“NSString stringWithUTF8String:”过于敏感
我正在使用诸如 NSString 和 NSData 之类的高级 Cocoa 功能进行一些字符串操作,而不是深入到 C 级的事情,比如处理数组char
。
出于对它的热爱,+[NSString stringWithUTF8String:]
有时会在使用 -[NSString UTF8String]
创建的完美字符串上返回 nil
首先。人们会认为当输入格式错误时会发生这种情况。下面是一个失败的输入示例,采用十六进制:
55 6B 66 51 35 59 4A 5C 6A 60 40 33 5F 45 58 60 9D 47 3F 6E 5E
60 59 34 58 68 41 4B 61 4E 3F 41 46 00
和 ASCII:
UkfQ5YJ\j`@3_EX`G?n^`Y4XhAKaN?AF
这是一个随机生成的字符串,用于测试我的子例程。
char * buffer = [randomNSString UTF8String];
// .... doing things .... in the end, buffer is the same as before
NSString * result = [NSString stringWithUTF8String:buffer];
// yields nil
编辑:以防万一有人没有理解隐含的问题,这里是 -v 模式:
为什么 [NSString stringWithUTF8String:] 有时会在完美形成的 UTF8-String 上返回 nil
?
I'm in the middle of doing some string manipulation using high-level Cocoa features like NSString
and NSData
as opposed to digging down to C-level things like working on arrays of char
s.
For the love of it, +[NSString stringWithUTF8String:]
sometimes returns nil
on a perfectly good string that was created with -[NSString UTF8String]
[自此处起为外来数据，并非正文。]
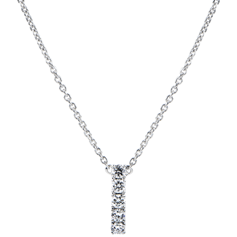 Cartouche de 5 diamants monté sur chaîne de 42 cm (+ 3 cm de rallonge), pour un pendentif fin et discret, lové au creu du cou.
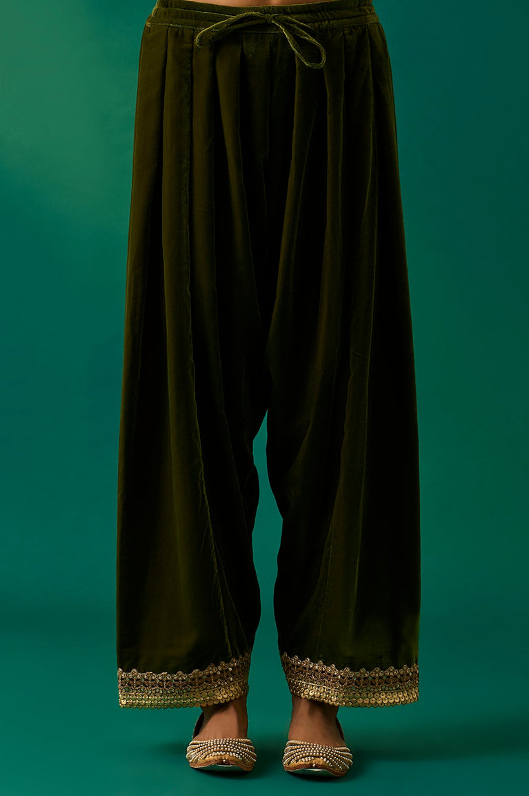 Step into timeless sophistication with this exquisite blue velvet Anarkali kurta set for women. The kurta features intricate embroidery and mirror work on the yoke and sleeves, complemented by a round neckline and a flared silhouette. The full sleeves are adorned with zari detailing, adding a regal touch. Paired with loose-fit salwar pants and a matching embroidered dupatta with tassel detailing, this ensemble is perfect for weddings and festive occasions. The rich blue hue and golden accents create a luxurious aesthetic, while the soft velvet fabric ensures comfort and elegance. Elevate your ethnic wardrobe with this masterpiece that blends tradition and modernity seamlessly.

in the first place. One would assume that this happens when the input is malformed. Here is an example of the input that fails, in hex:
55 6B 66 51 35 59 4A 5C 6A 60 40 33 5F 45 58 60 9D 47 3F 6E 5E
60 59 34 58 68 41 4B 61 4E 3F 41 46 00
and ASCII:
UkfQ5YJ\j`@3_EX`G?n^`Y4XhAKaN?AF
This is a randomly generated string, to test my subroutine.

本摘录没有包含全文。